Coming off last week's 421-point gain, the Dow Jones Industrial Average (^DJI 0.42%) sputtered today, losing 42 points, or 0.3%. Concerns about the fiscal cliff returned along with Congress, which came back to Washington after Thanksgiving recess. Worries about a slow holiday season also sank some retailer stocks after heavy discounting on Black Friday; however, today's Cyber Monday specials from online vendors helped some notable e-tailers such as Amazon.com and eBay make strong gains. According to early results, Cyber Monday sales were 26% above last year's total.
The tech sector also made some gains, as the Nasdaq (^IXIC 0.83%) improved by 0.3% on big gains from Facebook (META 0.90%) and Apple. The social-networking king jumped a whopping 8.1% on upgrades from Topeka Capital Markets, Bernstein, and BTIG, and its new Gifts platform could also add on a solid chunk of revenue this holiday season. Apple also bounced back another 3.2% as Citigroup gave it a seal approval by reinitiating a buy rating.
On the Dow, PC-maker Hewlett-Packard (HPQ 2.22%) led the way with a 2.4% gain as it continues to recover from the debacle over its Autonomy acquisition. A group of shareholders also announced they're suing the company over the $8.8 billion writedown.
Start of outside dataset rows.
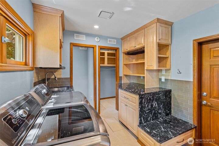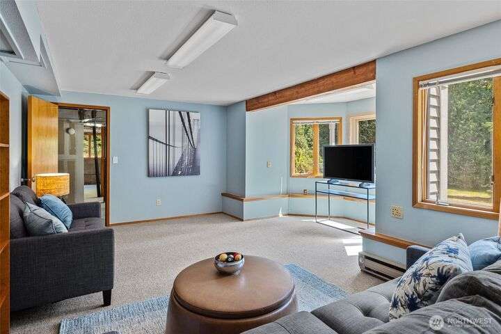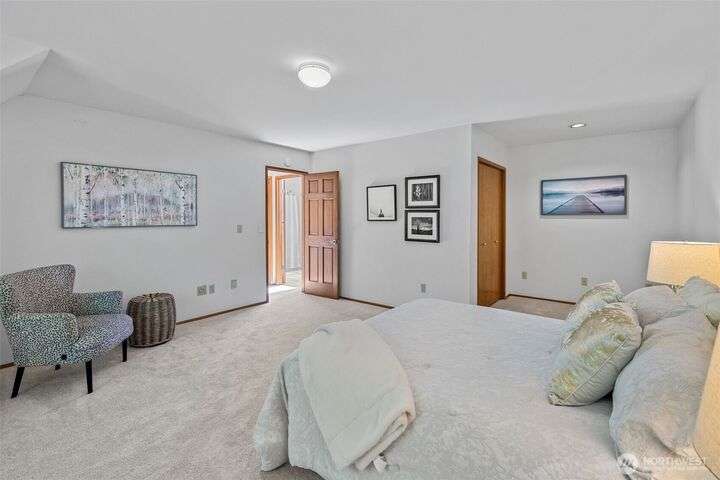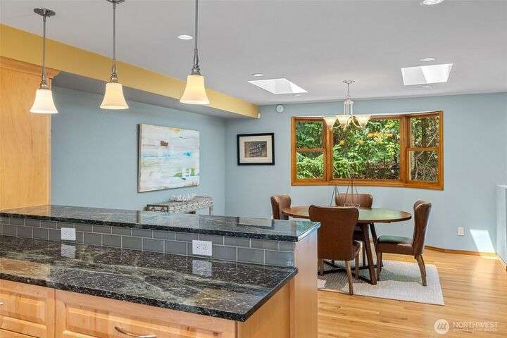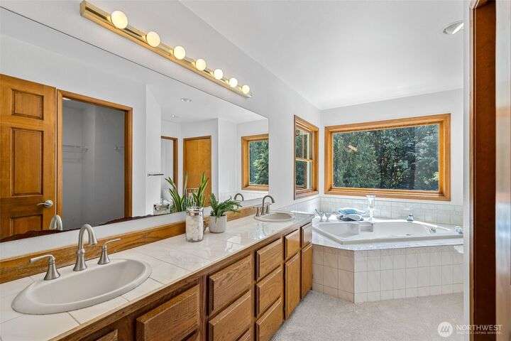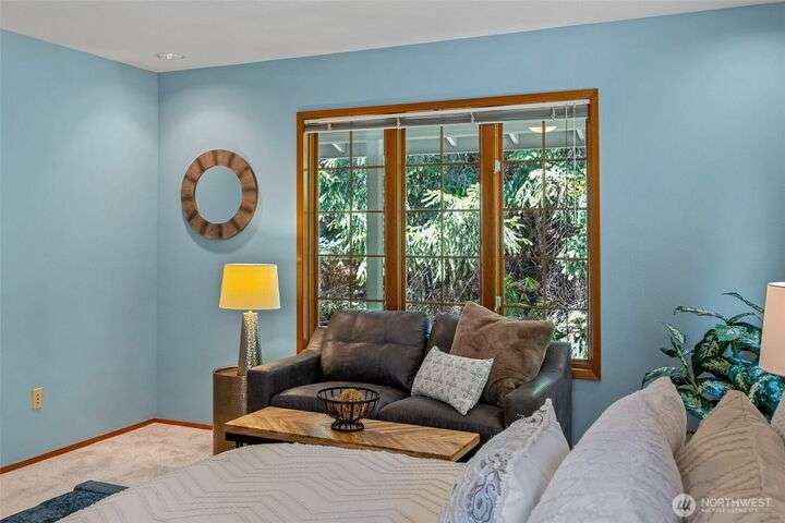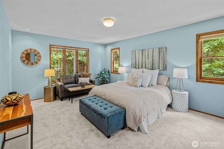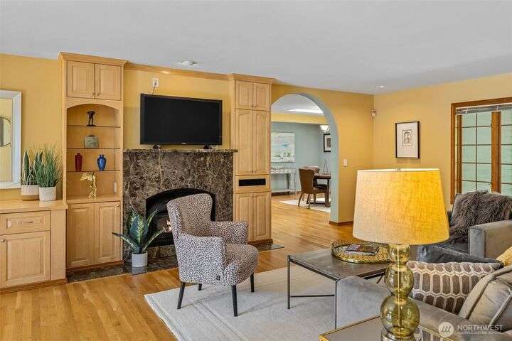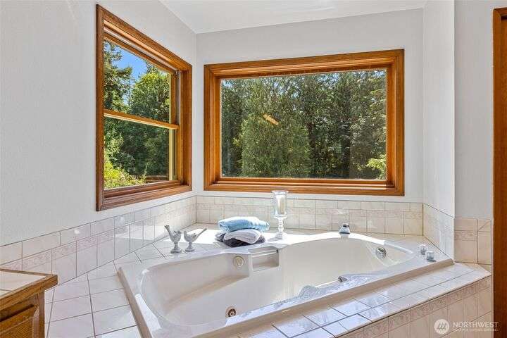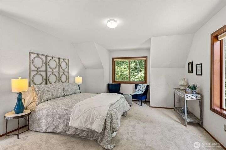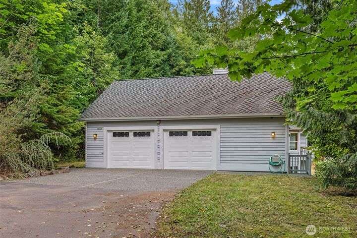 This stunning home on 4.3+ acres feels like a Private Estate! Circular driveway & covered front porch are just the beginning. Spacious living room with marble wood fireplace & hardwood floors. Formal dining room, chef's kitchen with a huge island with sink, breakfast bar, granite counters, double oven, two dishwashers, & 2 garbage disposals. Custom maple cabinets are featured in the kitchen, living room, & laundry room. Primary Suite with walk-in closet & jetted soaking tub. Brand new carpet just installed. The huge yard is sunny, private, and includes multiple fruit trees & plenty of space to garden. You will be awed at the peacefulness of this property. 570 sq ft 2-car garage has 2 50-amp electric car chargers. 20 minutes out of Seattle!
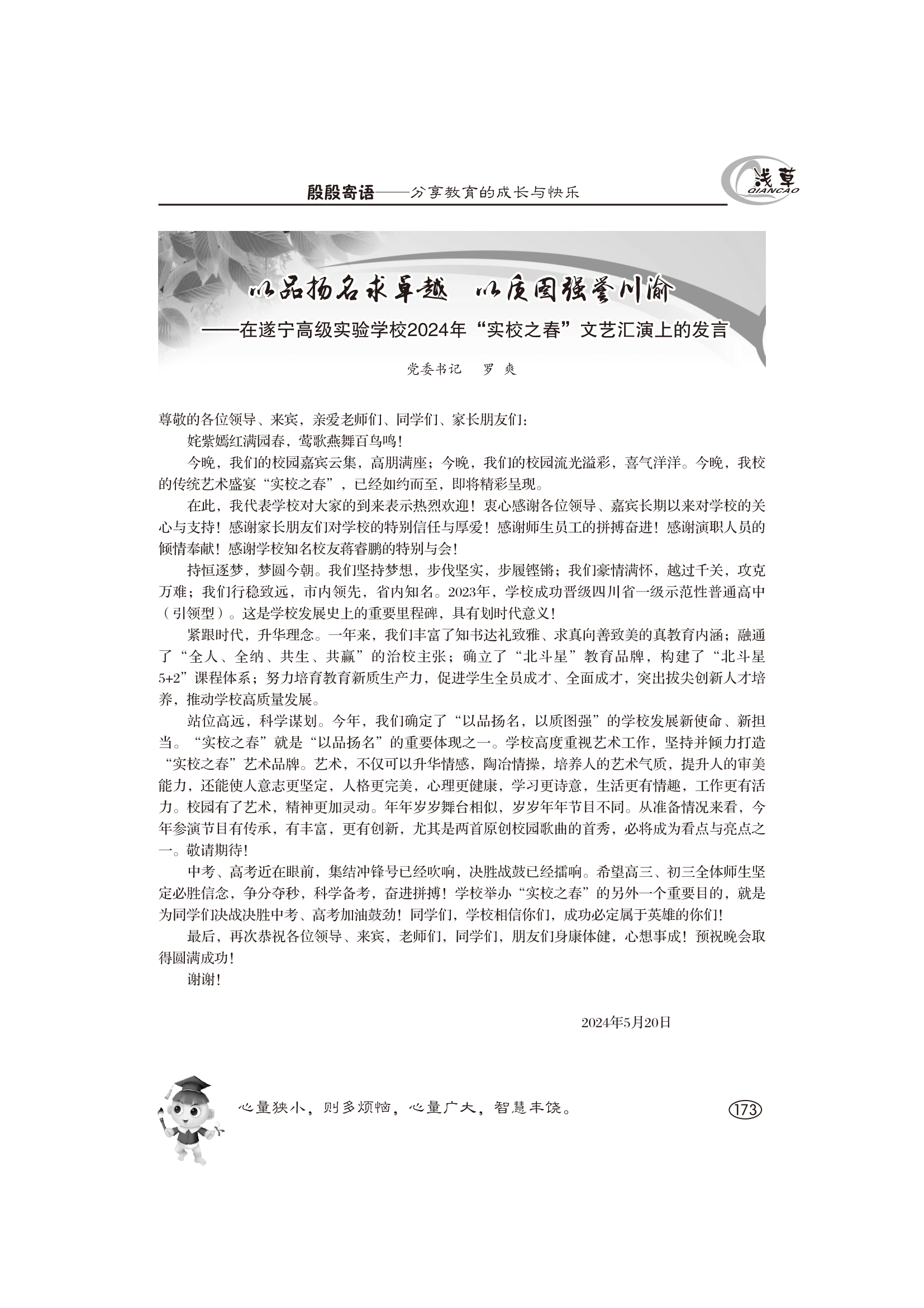 以品揚(yáng)名求卓越,以質(zhì)圖強(qiáng)譽(yù)川渝--2024年實(shí)校之春文藝匯演上的發(fā)言
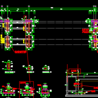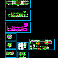 包含一层平面图,屋顶平面图,立面图,门卫平面详图,门卫屋顶平面详图,剖面图,北入口大门结构设计说明,基础平面布置图
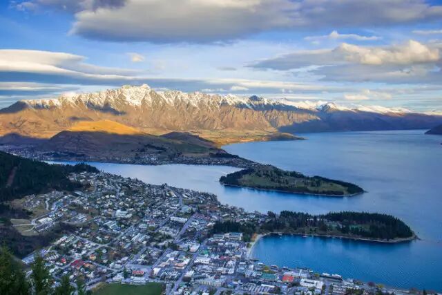 皇后镇(Queenstown)位于瓦卡蒂普湖 (Lake Wakatipu)北岸,是一个被南阿尔卑斯山包围的美丽小镇,依山傍水。其海拔高度为310米(1202英尺)根据地理学家的研究,在距今15,000年前的冰河世纪,皇后镇是被冰河所覆盖的。人口相当的稀少,只有约18,000人,其中欧美人士约占80%,亚洲10%,其它种族则为10%。新西兰因其多变地理景观,被喻为“活地理教室”,而皇后镇是全国地势最险峻美丽而又富刺激性的地区,故该区以“新西兰最著名的户外活动天堂”而得名。
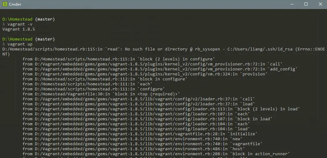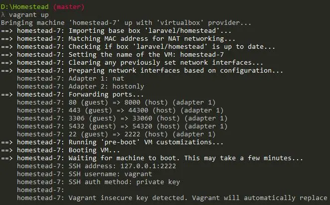 在 Homestead 目录下运行vagrant up命令,Vagrant 将会启动虚拟机并自动配置共享文件夹以及 Nginx 站点。官方文档对此描述的如此这般简单,其实这里遇到了第二个大坑
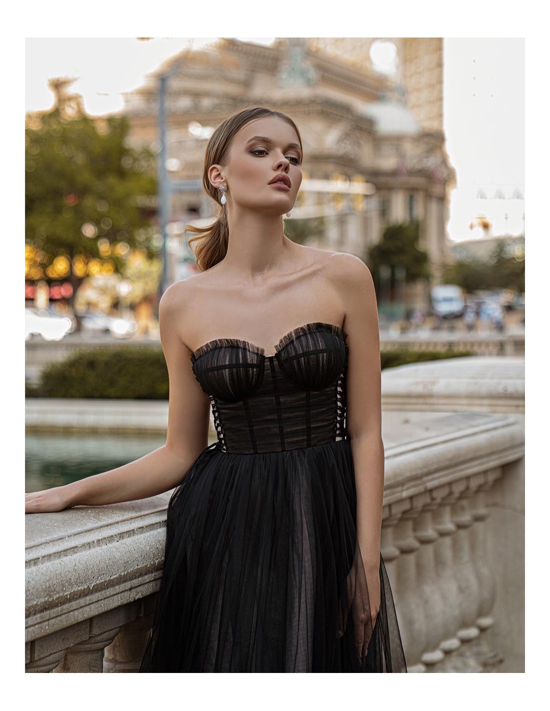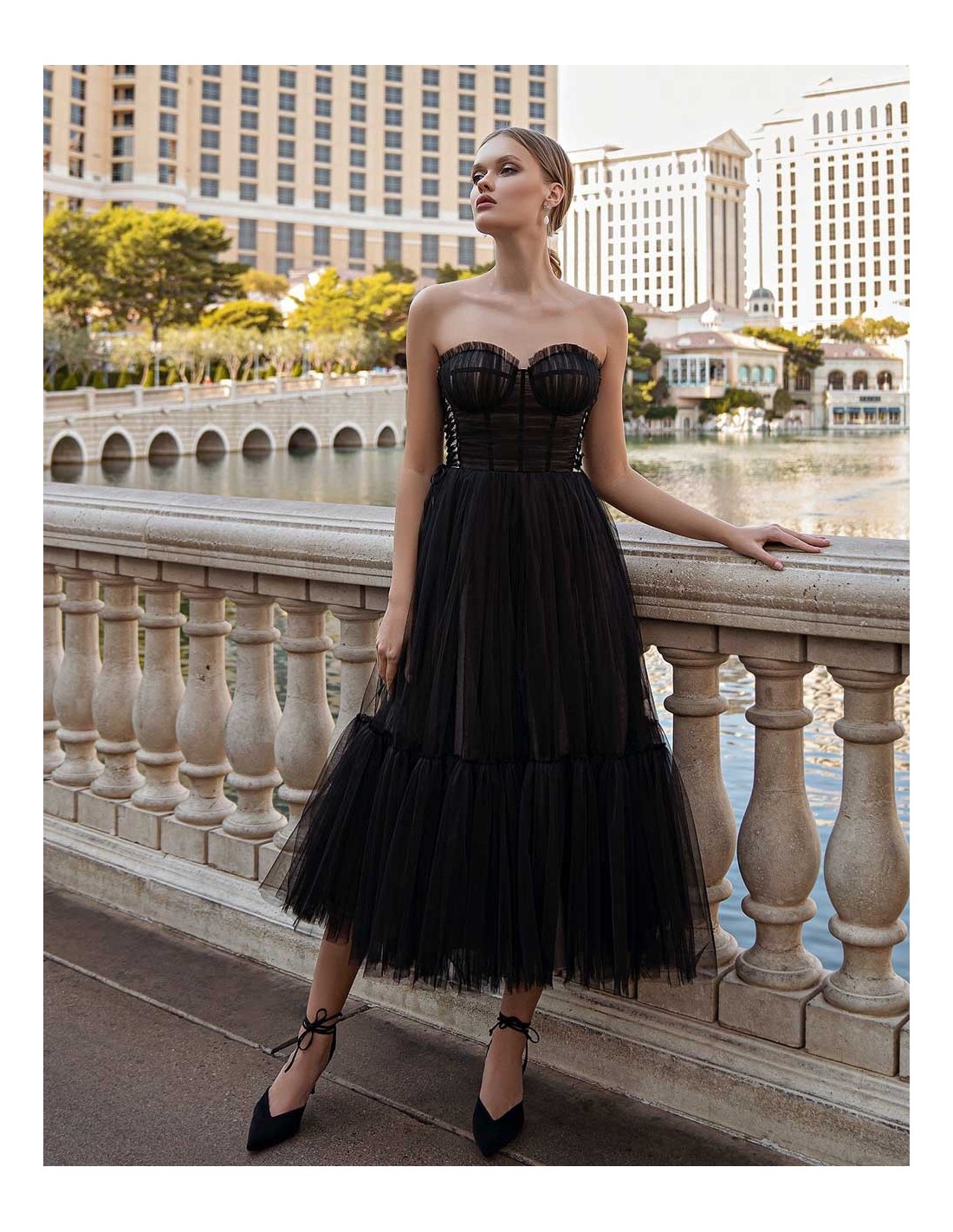 Magnifiquerobe de soirée midi en tulle à encolure cache-coeur avec décolleté et corsage sans bretelles.
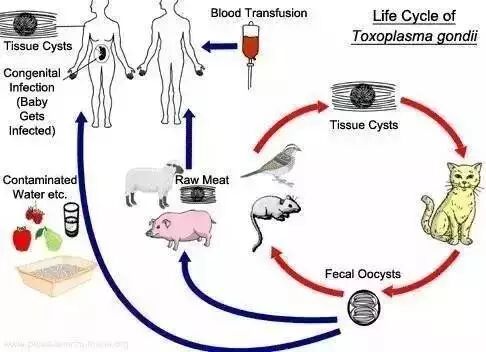 猫是弓形虫的终宿主,主要通过感染猫的粪,和捕食老鼠和鸟获得弓形虫感染。在室内圈养,不食活物、生水的猫不易被传染。
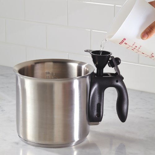 • The double boiler is designed with a water level indicator window on both sides of the handle and it even whistles when water needs refilling
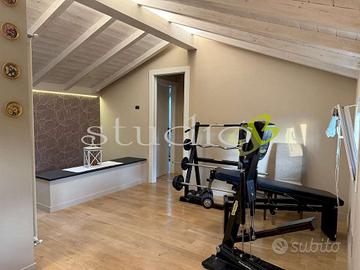 Al primo piano si trovano un disimpegno/fitness, la camera matrimoniale, un bagno con vasca e doccia e una cameretta. Il piano seminterrato ospita una cantina per vini.
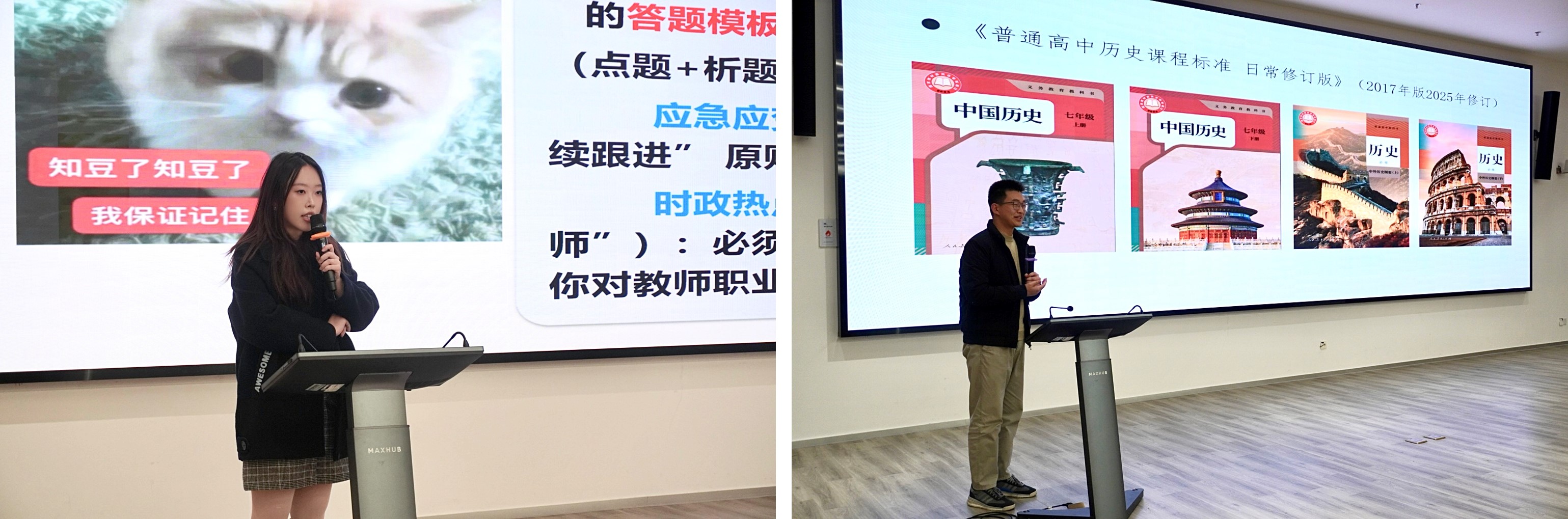 校研究生支教团成员、2022级汉语言文学(师范世承)专业余乐怡以“上岸吧,准教师”为主题,系统解析教资面试全流程。她从考前准备切入,拆解结构化面试、试讲与答辩的答题要点和复习策略,通过模拟面试全流程,细致讲解候考、备课等环节核心要点,分析评分标准与面试表现的关联,给出实用的备考指导。第十届“田家炳杯”全国师范院校师范生教学技能竞赛一等奖获得者、2022级历史学(师范)专业的张宇晨结合比赛经验,以高中历史课为例阐释唯物史观、时空观念等核心素养在备课中的具体体现,提醒同学们要熟练掌握课标与教材,注重以问题驱动课堂设计,要以赛促学、以赛促练,积极主动参与相关赛事的报名。
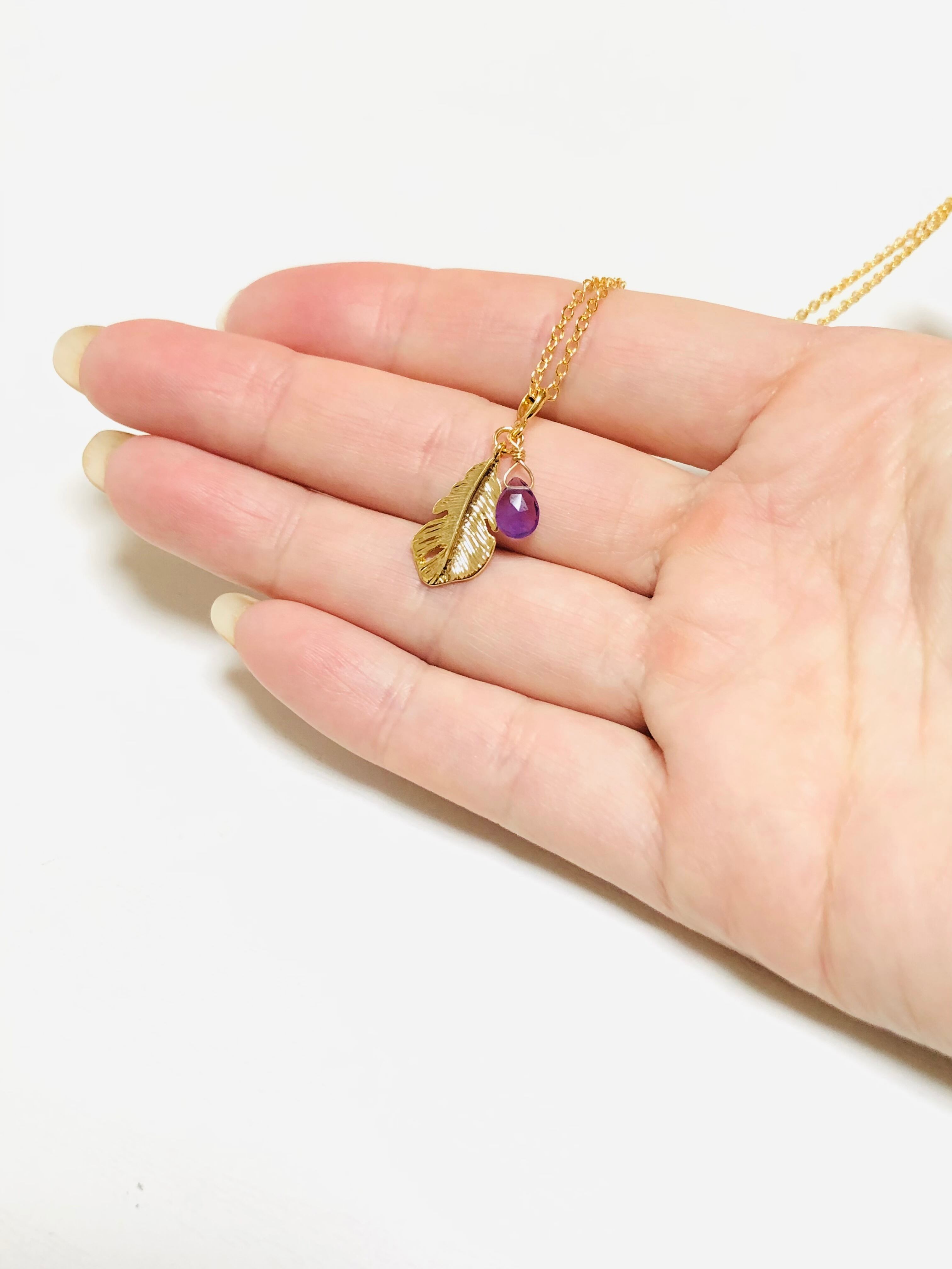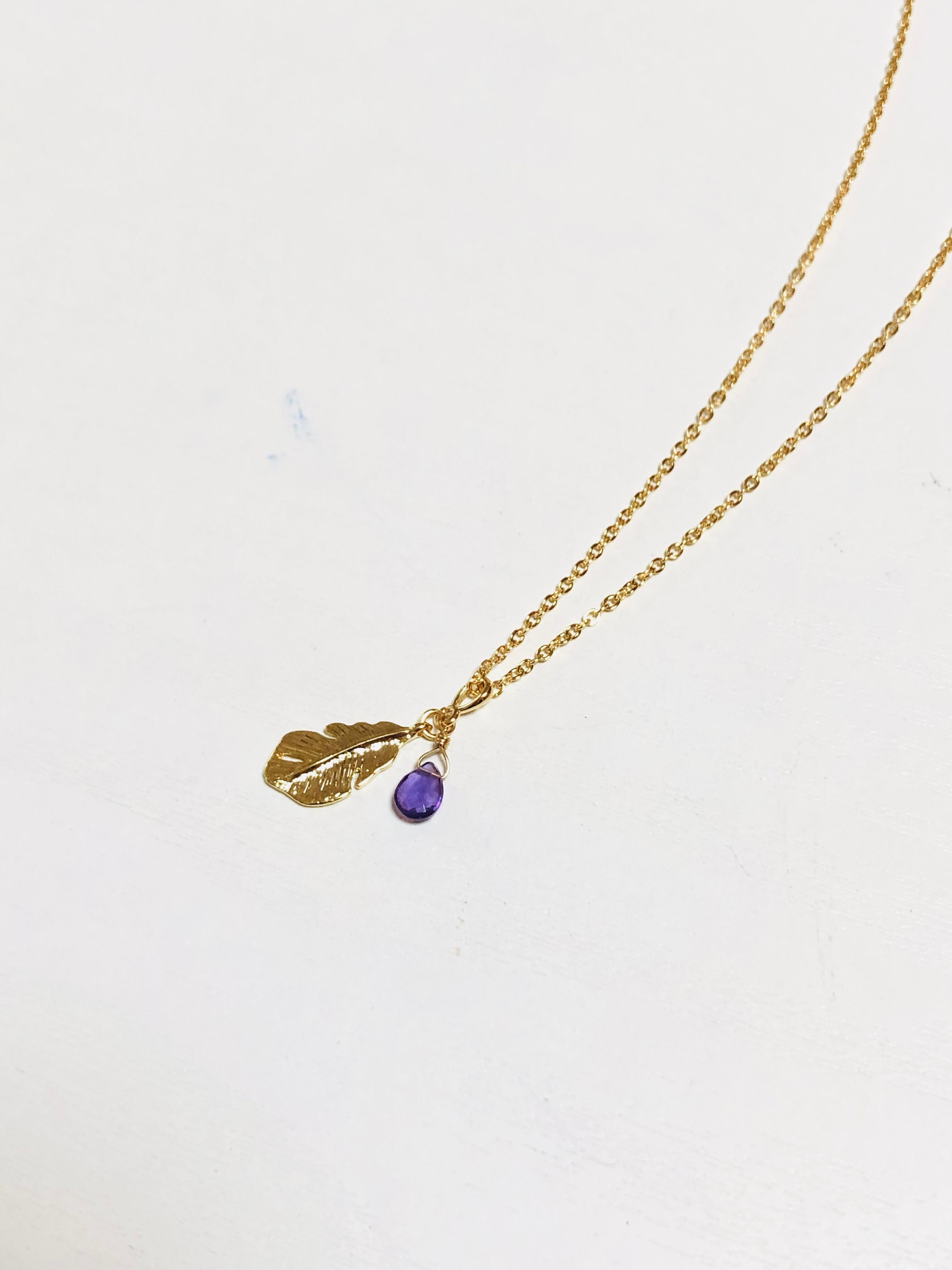 宝石質アメジストと羽根のネックレス

At the other end of the spectrum, McDonald's (MCD 0.32%) fell 0.9% after Lazard Capital Markets downgraded it on rising competition and declining same-store sales in the near term. McDonald's has begun revamping its store designs domestically, but its shares have floundered this year, down 14%, amid a change in its leadership.
In late news, eurozone officials and the International Monetary Fund agreed to cut Greece's debt by 40 billion euros by 2020. The agreement should help pave the way to for an additional round of bailout funding, this time as much as 44 billion euros, in December. Among other decisions, the finance ministers agreed to cut the interest rate on loans to Greece and return 11 billion euros from earlier profits on purchases of Greek bonds. The news should help European stocks higher tomorrow.
Later in the week, figures on durable-goods orders and new-home sales, as well as the first revision in third-quarter GDP, should affect stocks.